Слова его стали плохо слышны. Собрание заканчивалось, уставшие люди зашумели, переговариваясь между собой. Анжелика слышала вокруг себя:

— А как ваше дело с мареной в Лангедоке?..

— Если бы мы засаливали рыбу свежего улова, как в Португалии, можно было бы вдвое больше продавать добычи… Да ведь запрещают…

— Ты бы мог понаряднее одеться для такого большого собрания, Жозиа Мерлу.

— Да ведь грязь-то какая здесь!..

Казалось, никого не интересуют советы пастора Рошфора.

Звук трещотки, которой размахивал служка, заставил всех умолкнуть. Пастор Тавеназ бросил на своего сотоварища взгляд, означавший: «Я же предупреждал вас», и заговорил сам.

Собрание нельзя закончить, пока все не вынесут поднятием руки свое решение о том, какой линии поведения должны придерживаться впредь ларошельцы.

— Кто стоит за вооруженное сопротивление?

Никто не шевельнулся.

— Кто хотел бы уехать?

— Я!.. Я!.. — закричало с десяток голосов из первого ряда.

— Я! — громко крикнул Мартиал, вскочивший на ноги возле Анжелики.

Возмущенные возгласы родителей заставили подростков умолкнуть. Адвокат Каррер дал затрещину ближайшему из сыновей.

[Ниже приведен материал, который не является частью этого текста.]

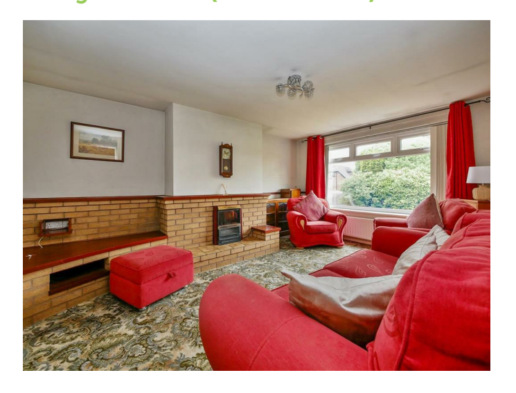
Brick fireplace with raised tiled hearth.
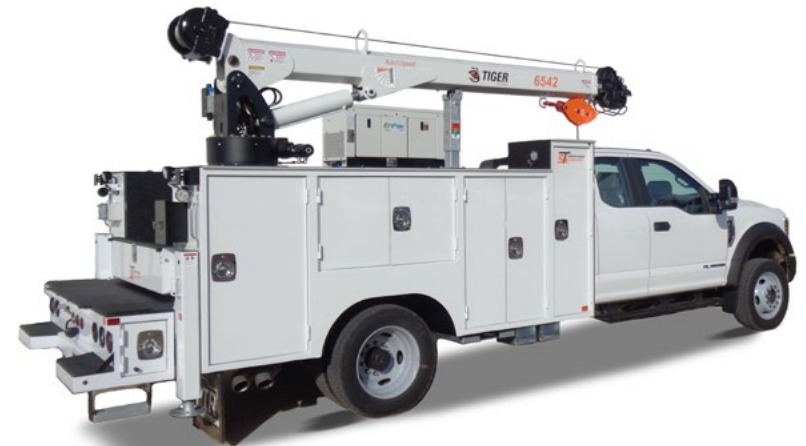
The 6542 is the most popular Tiger Crane model. Boasting a very strong 40,000 ft-lb rating and 6,500 lbs lift capacity, the 6542 is the crane for your medium duty service truck.

Тут поднялся господин Маниго — его величественная фигура четко вырисовывалась на фоне серого океана — и навел тишину мановением руки. Он обратился с глубоким почтением к знаменитому путешественнику:

— Господин пастор, для нас было большой честью слушать вас, но не удивляйтесь тому, что среди ларошельцев идея эмиграции нашла мало сторонников… — он прижал руку к сердцу и проговорил с большой убежденностью:

— Ла-Рошель у нас здесь, это наша крепость, город, который наши отцы основали и за который они отдали жизнь. Мы не можем его покинуть.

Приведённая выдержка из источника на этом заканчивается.